- Photo courtesy Indianapolis Recorder Collection, Indiana Historical Society.
- Archival photo of Gov. Edgar Whitcomb.
By Max Bomber, Halie Solea
Born November 7, 1917, former Gov. Edgar D. Whitcomb lived a life full of excitement and adventure. He authored three novels that documented his journey from a small town in Jennings County to serving Hoosiers in the top ranks of state government.
Whitcomb joined the Army Air Corps and served as a B-17 pilot during World War II. He was captured on May 7, 1942, and escaped a prison camp. He then swam eight miles through shark-infested waters, only to be recaptured. Whitcomb heroically escaped again. The story is told in his book, “Escape from Corregidor.”
After his two tours of duty in the Philippines where he was promoted to Second Lieutenant, he was discharged from active duty in 1946, but he stayed on as a colonel in the reserve military forces until 1977.
While in the reserves, Whitcomb finished his law degree from Indiana University and entered into politics. In 1950, he was elected the Indiana Senate where he served for three years. He was elected to Secretary of State in 1966. After a successful term, he was elected governor of Indiana in 1968.
Whitcomb was a popular governor and served Hoosiers with progressive ideas and confidence.
“Following his election as Indiana’s 43rd Governor in 1968, Ed Whitcomb led a period of reform and modernization in state government,” said Gov. Mike Pence in a statement. “During his term as governor, Ed Whitcomb led the state of Indiana with common sense and conviction, improving the lives of Hoosiers.”
A promotional pamphlet from the time contains a statement that his administration “[was] the first in the history of the state to return more than half of each dollar collected by the state government to local units to be used for, highways, mental health, local schools, pubic welfare assistance and other local government functions.”
Former Sen. Robert Garten, who came into state government during this time of Whitcomb’s governorship, recalled Whitcomb’s success and amiability as a politician in a 2015 interview. He remembered Whitcomb’s run for governorship as a smooth one.

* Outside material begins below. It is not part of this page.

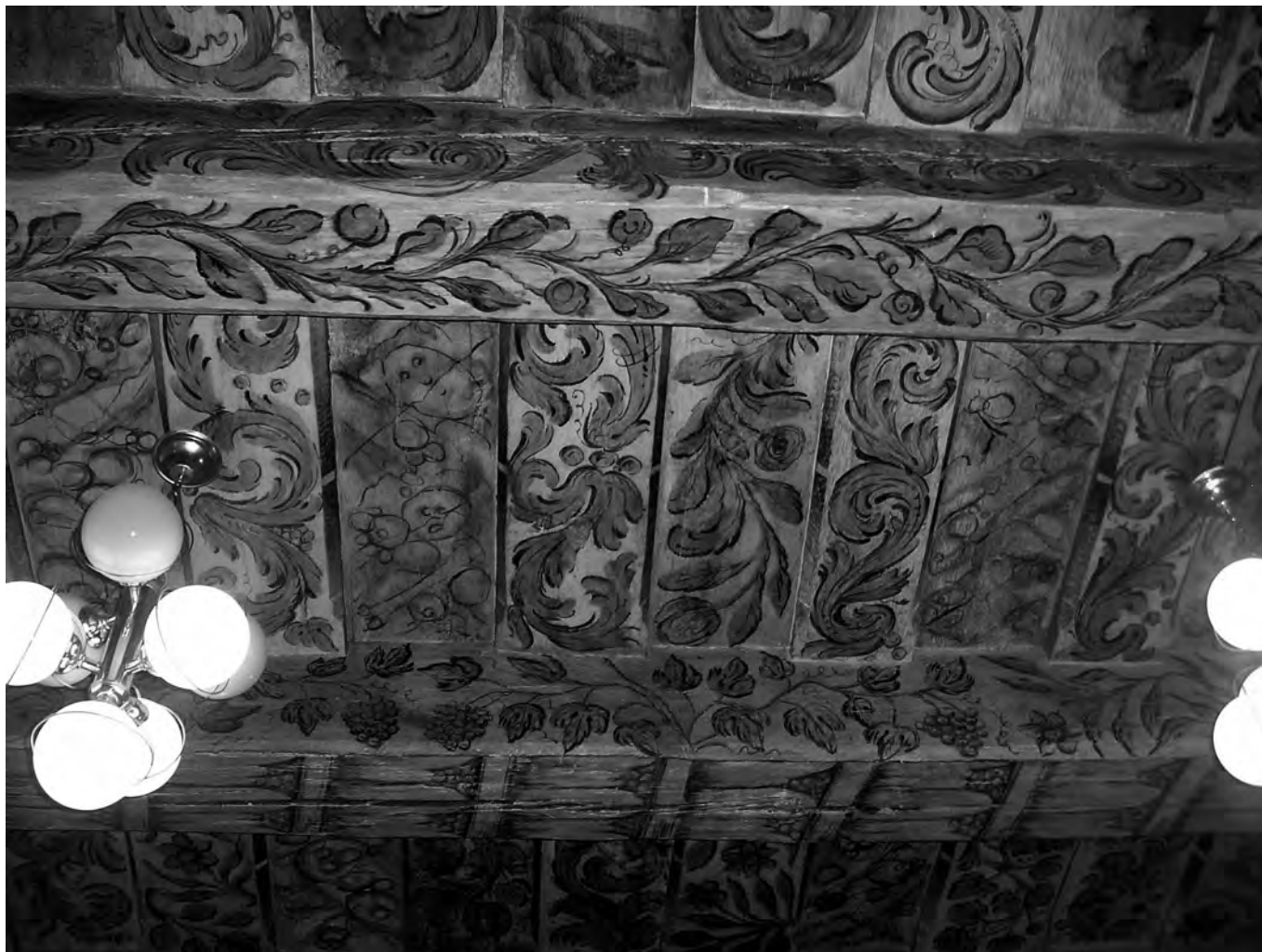
Il. 6 Strop polichromowany z 1694 r., ul. Św. Antoniego 31, Wrocław.

“His legacy is he ran an honest government,” Garton said. “He is a very decent patriot, and I know that word is overused. But he believed in America, believed in the American dream, was confident of himself.”
Following his retirement, Whitcomb began sailing. He undertook voyages across the Atlantic and Pacific Oceans, the Mediterranean. It took Whitcomb two to three years for his actual circumnavigation, due to planning his trip. The voyage from start to finish lasted almost a decade.
“There are so many stories,” Trish Whitcomb Sipes, one of Whitcomb’s five children said in a 2015 interview. “He had encounters with pirates; he had all kinds of stuff happen. When he was on the boat by himself, he was always tethered to the boat. One time, he actually did fall off the boat and a big gust of wind came and just jetted the boat away from him. And had he not been tethered, he would’ve just been out there in the middle of the Pacific Ocean.”
Whitcomb’s bold need to travel developed into an adventure around the country alone at the age of 15.
“He saved up $20, which was a very large amount of money at that time, and he said he was going to go to Sunday school,” Whitcomb Sipes said. “And he really went to where the train came by and hopped on a train and went exploring the United States for several months!”
After he was arrested for train hopping down in a Georgia a few months later, Whitcomb’s mother had to send him money for bail and a ticket back to Indiana.
“And when he got back,” Whitcomb Sipes said, “This is how cool his mother was, she said, ‘Well that was a long Sunday school lesson!’”
A mini-expedition that could have meant lots of trouble for Whitcomb instead fueled a life-long love for travel that eventually turned into the decision to sail around the world.
Finally, after years of exploration, Whitcomb returned and settled back home in Rome, Indiana.
Whitcomb passed away at his home Thursday at the age of 98.